A network of roads is a common and intuitive example.  If you were on an individual road, between point A to point B, you couldn't go anywhere else unless points A and B also were also points on some other road.  That's what makes it a network and what enables a route to be determined.  Guaranteeing that points A and B are shared by more than one road is what topology is all about.  It enforces the relationship between features.

Polygons need to have the same sense of sharing.  If the road in question is the boundary between two adjacent counties, those counties "share" that road.  It contributes to both of their shapes.  This is the idea behind a formal GIS topology which is normally stored as a set of tables, one for each of the three basic geometry types:

  • The node table records every intersection point and identifies the edges that connect to it
  • The edge table records every boundary line, its start and end node and identifies the faces adjoining either side
  • The face table records every polygon and identifies the edges that bound it

Different GIS technologies have their own way of doing this, but the concept is the same.  Topology enables the computational solution to geocoding, routing, hillshading, viewsheds, 3-D rendering and many other problems which depend on prepositions like in, out, right, left, above, below and next to.  In other words, spatial relationships.

There are plenty of GIS projects, however, where formal topological storage isn't necessary.  Positional calculation still happens, though, whenever related objects are modified.  Spatial functions like Intersection and Union take two geometries as inputs and produce a new geometry as an output.  The topo-logic happens in memory, but for just those two geometries.  Working with an entire set of spatially related geometries is more problematic.  Polygon simplification is a great example. 

In developing PolyPuzzle, I immediately ran into gaps and overlaps when simplifying a dataset of adjacent polygons like the US States.  My source data has a far higher resolution than is necessary or desirable, but even a modest reduction in vertices causes problems.  The states are supposed to fit together but their mating edges are actually simplified twice, once for each adjoining state.  Irregular boundaries are always different even when the same tolerance tolerance is used.  This is because one pass is clockwise and the other counterclockwise.  There's also no awareness of which vertices are nodes -- the points where three boundaries intersect.  And the more the polygons are simplified, the worse they fit.

PostGIS includes a SimplifyPreserveTopology() function which might seem to be the solution.  It is not.  It simply corrects any invalid result produced by the Douglas-Puecker algorithm (a possibility noted in the previous post).  Simplification is always performed one object at a time and always considers only that one object when eliminating vertices.

This is what happens along the convoluted border between the states of Arkansas, Louisiana and Mississippi.

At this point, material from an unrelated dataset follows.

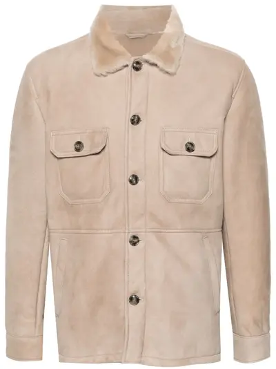 taupe leather front button fastening shearling collar two chest patch pockets long sleeves buttoned cuffs two side slit pockets central rear vent shearling lining straight hem

Simplifying a set of contiguous polygons while maintaining a perfect edge-to-edge fit is a complicated business.  Building a formal topology is the obvious solution.  PostGIS 2.0 introduced a set of topology types and functions that do most of the work but numerous steps are involved and the documentation is a bit murky.  In brief, the polygon geometries are converted into topological "faces", the edges of those faces are simplified and then the polygons are reconstructed from the re-defined faces.  These links provide a useful technical overview:

The same essential steps can be performed using just the source geometry objects and spatial SQL.  The whole topology extension is avoided and everything is done in memory.  High-resolution data leads to excessive paging, however, and processing can be extremely slow.  Here is a technical overview of this approach:

Both methods decompose the polygons in order to simplify their shared edges.  Adjusting the simplification tolerance therefore requires re-running the entire process.  Both methods also "lose" the original polygon and must resort to an intersection test to re-associate attributes with the final result.  Some fuss and fiddle is often needed but they solve the problem.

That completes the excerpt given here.